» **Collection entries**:
+++++

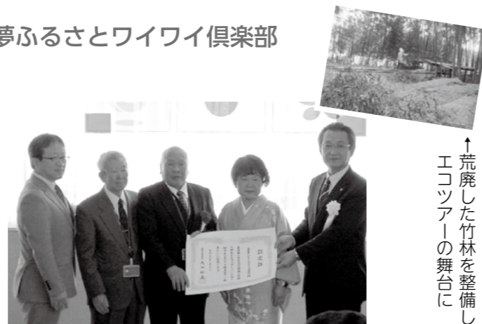
↑荒廃した竹林を整備しエコツアーの舞台に

同倶楽部はエコツアーを企画する市民有志の団体であり、「新竹取物語」と名付けた安曇川の竹林整備や、竹林を舞台にしたエコツアーが評価されました。(観光振興課)
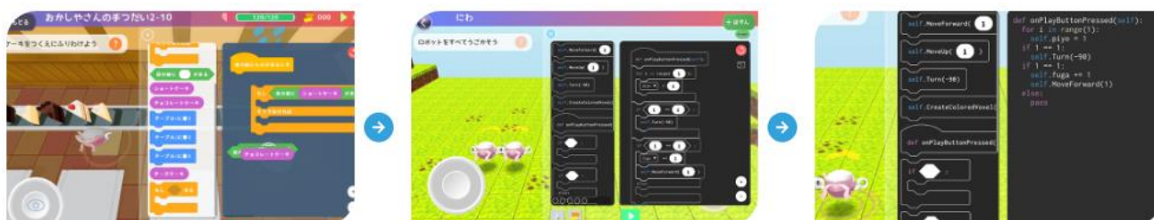
ビジュアル言語【日本語】（左）からビジュアル言語【Python】（中央）、テキストコーディング【Python】（右）へと 実用レベルまで無理なくステップアップできる「ミッションモード」
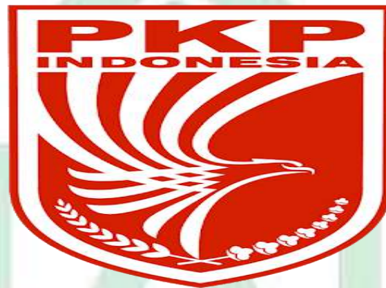
Gambar 1.1 Lambang PKP Indonesia
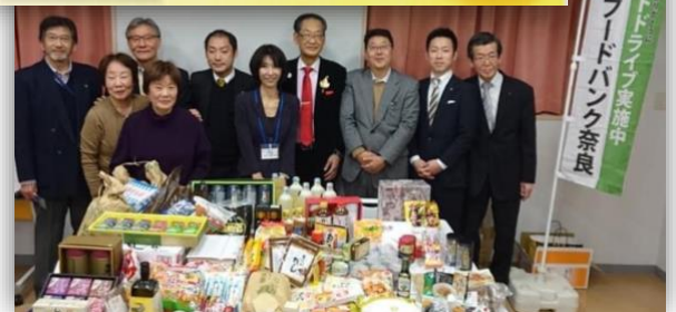
ミモザの家のリーフレット（上）と
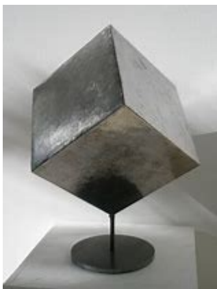
cube d'acier Philippe Lonzi

Rechercher dans la maison des pavés, des cubes et m'envoyer une photo des objets trouvés.
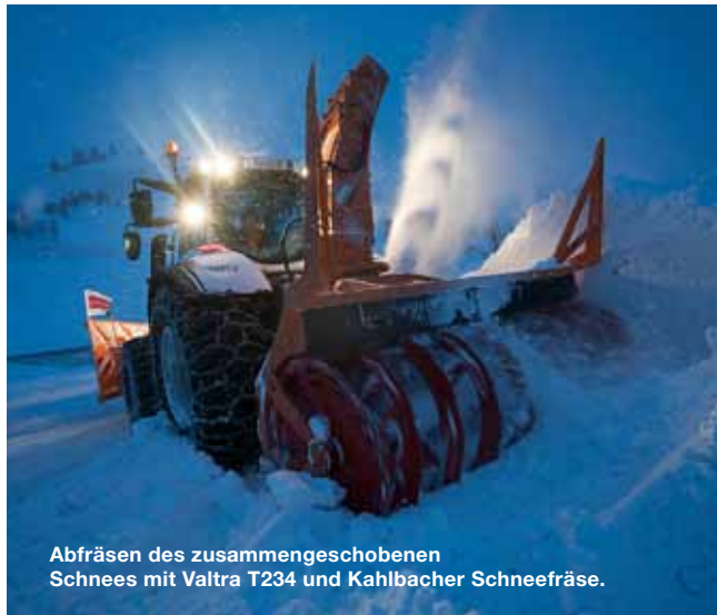
Abfräsen des zusammengeschobenen Schnees mit Valtra T234 und Kahlbacher Schneefräse.
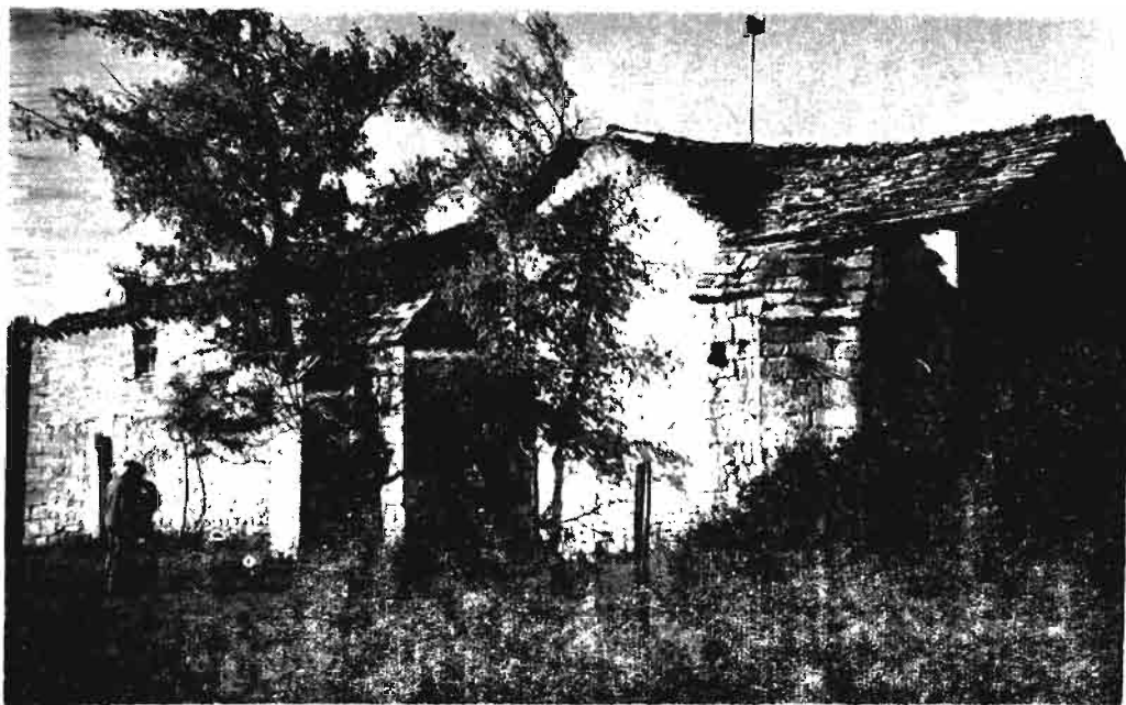
Fotografía núm. 10.—Santa Brígida, de Olite.
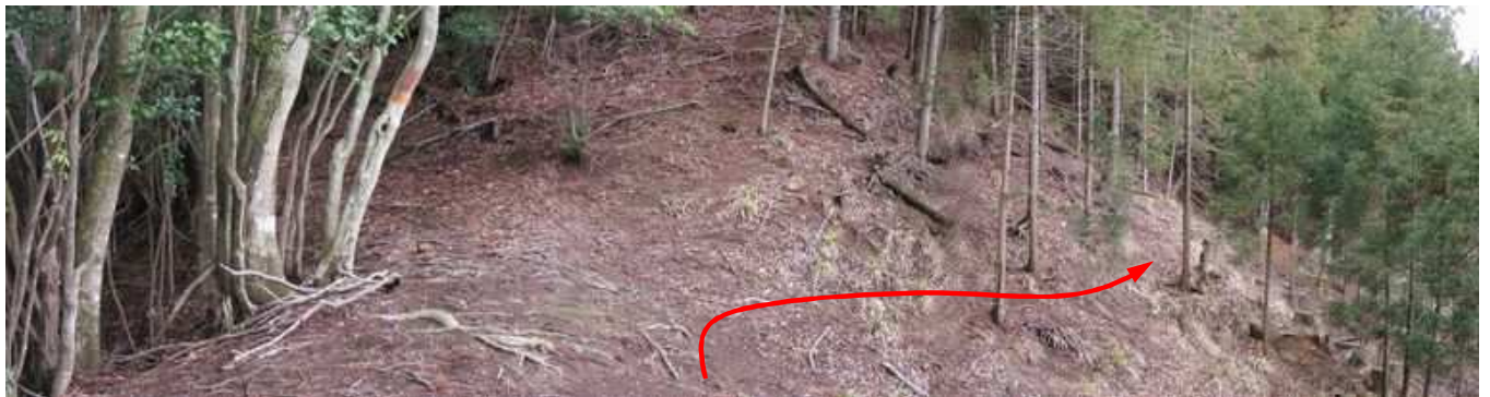
分岐から北の斜面へ進む。

+++++

» **Exercise details**: From the line holding "Rechercher dans la" to the final line of the data above, give each line again exactly, both ends included, and drop the pictures.

» **Task response**:
Rechercher dans la maison des pavés, des cubes et m'envoyer une photo des objets trouvés.
Abfräsen des zusammengeschobenen Schnees mit Valtra T234 und Kahlbacher Schneefräse.
Fotografía núm. 10.—Santa Brígida, de Olite.
分岐から北の斜面へ進む。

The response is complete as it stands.